What you are asked to do: Your job is to return the whole listing unchanged while skipping its images.

Information shown:

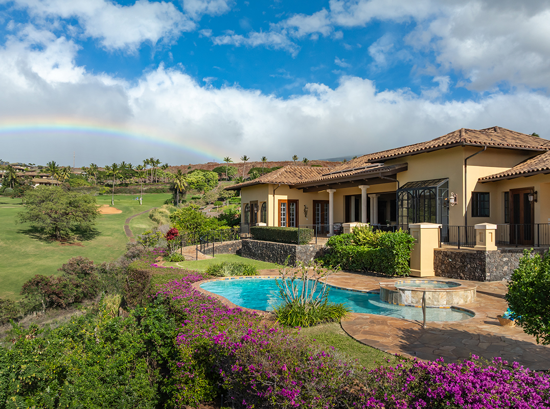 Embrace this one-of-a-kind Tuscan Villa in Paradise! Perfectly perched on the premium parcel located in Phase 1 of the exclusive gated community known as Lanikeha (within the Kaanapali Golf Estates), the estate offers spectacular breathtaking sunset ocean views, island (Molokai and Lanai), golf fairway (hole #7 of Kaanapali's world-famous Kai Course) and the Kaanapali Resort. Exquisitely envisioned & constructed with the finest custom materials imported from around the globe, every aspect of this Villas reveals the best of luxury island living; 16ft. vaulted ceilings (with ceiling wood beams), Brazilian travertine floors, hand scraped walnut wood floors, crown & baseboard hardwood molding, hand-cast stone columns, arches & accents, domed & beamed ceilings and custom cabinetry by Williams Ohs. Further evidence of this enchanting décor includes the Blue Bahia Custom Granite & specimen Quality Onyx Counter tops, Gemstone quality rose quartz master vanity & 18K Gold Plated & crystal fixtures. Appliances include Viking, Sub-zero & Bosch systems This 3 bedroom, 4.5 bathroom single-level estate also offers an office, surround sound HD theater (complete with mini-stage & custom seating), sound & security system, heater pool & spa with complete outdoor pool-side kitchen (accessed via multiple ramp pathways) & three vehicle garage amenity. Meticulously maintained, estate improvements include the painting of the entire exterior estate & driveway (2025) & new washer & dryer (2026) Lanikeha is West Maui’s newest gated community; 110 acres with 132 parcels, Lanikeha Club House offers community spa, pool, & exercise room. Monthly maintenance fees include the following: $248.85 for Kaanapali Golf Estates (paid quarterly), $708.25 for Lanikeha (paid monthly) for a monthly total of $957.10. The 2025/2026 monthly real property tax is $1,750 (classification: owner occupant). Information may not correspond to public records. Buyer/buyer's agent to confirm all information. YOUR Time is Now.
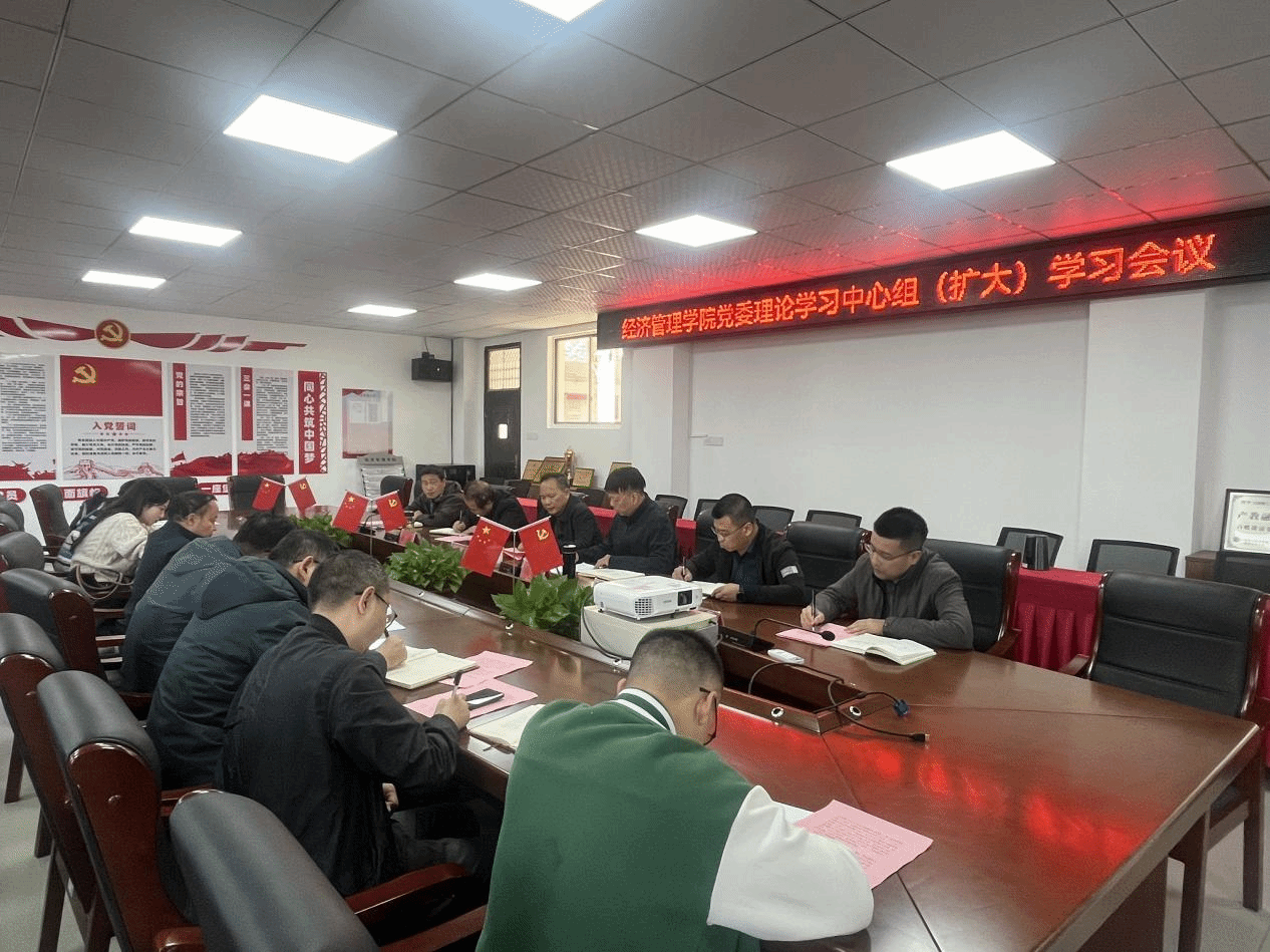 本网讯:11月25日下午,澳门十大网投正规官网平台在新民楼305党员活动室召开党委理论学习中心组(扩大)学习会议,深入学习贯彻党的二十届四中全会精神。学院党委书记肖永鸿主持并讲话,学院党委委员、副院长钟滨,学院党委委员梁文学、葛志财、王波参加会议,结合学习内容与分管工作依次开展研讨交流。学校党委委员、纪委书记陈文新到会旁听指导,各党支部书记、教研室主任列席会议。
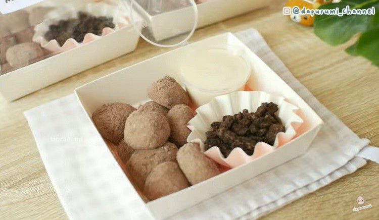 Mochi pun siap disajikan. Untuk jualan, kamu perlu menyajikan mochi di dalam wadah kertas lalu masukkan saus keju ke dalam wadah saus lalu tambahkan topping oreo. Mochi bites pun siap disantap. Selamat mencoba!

Result of the task:
 Embrace this one-of-a-kind Tuscan Villa in Paradise! Perfectly perched on the premium parcel located in Phase 1 of the exclusive gated community known as Lanikeha (within the Kaanapali Golf Estates), the estate offers spectacular breathtaking sunset ocean views, island (Molokai and Lanai), golf fairway (hole #7 of Kaanapali's world-famous Kai Course) and the Kaanapali Resort. Exquisitely envisioned & constructed with the finest custom materials imported from around the globe, every aspect of this Villas reveals the best of luxury island living; 16ft. vaulted ceilings (with ceiling wood beams), Brazilian travertine floors, hand scraped walnut wood floors, crown & baseboard hardwood molding, hand-cast stone columns, arches & accents, domed & beamed ceilings and custom cabinetry by Williams Ohs. Further evidence of this enchanting décor includes the Blue Bahia Custom Granite & specimen Quality Onyx Counter tops, Gemstone quality rose quartz master vanity & 18K Gold Plated & crystal fixtures. Appliances include Viking, Sub-zero & Bosch systems This 3 bedroom, 4.5 bathroom single-level estate also offers an office, surround sound HD theater (complete with mini-stage & custom seating), sound & security system, heater pool & spa with complete outdoor pool-side kitchen (accessed via multiple ramp pathways) & three vehicle garage amenity. Meticulously maintained, estate improvements include the painting of the entire exterior estate & driveway (2025) & new washer & dryer (2026) Lanikeha is West Maui’s newest gated community; 110 acres with 132 parcels, Lanikeha Club House offers community spa, pool, & exercise room. Monthly maintenance fees include the following: $248.85 for Kaanapali Golf Estates (paid quarterly), $708.25 for Lanikeha (paid monthly) for a monthly total of $957.10. The 2025/2026 monthly real property tax is $1,750 (classification: owner occupant). Information may not correspond to public records. Buyer/buyer's agent to confirm all information. YOUR Time is Now.
 本网讯:11月25日下午,澳门十大网投正规官网平台在新民楼305党员活动室召开党委理论学习中心组(扩大)学习会议,深入学习贯彻党的二十届四中全会精神。学院党委书记肖永鸿主持并讲话,学院党委委员、副院长钟滨,学院党委委员梁文学、葛志财、王波参加会议,结合学习内容与分管工作依次开展研讨交流。学校党委委员、纪委书记陈文新到会旁听指导,各党支部书记、教研室主任列席会议。
 Mochi pun siap disajikan. Untuk jualan, kamu perlu menyajikan mochi di dalam wadah kertas lalu masukkan saus keju ke dalam wadah saus lalu tambahkan topping oreo. Mochi bites pun siap disantap. Selamat mencoba!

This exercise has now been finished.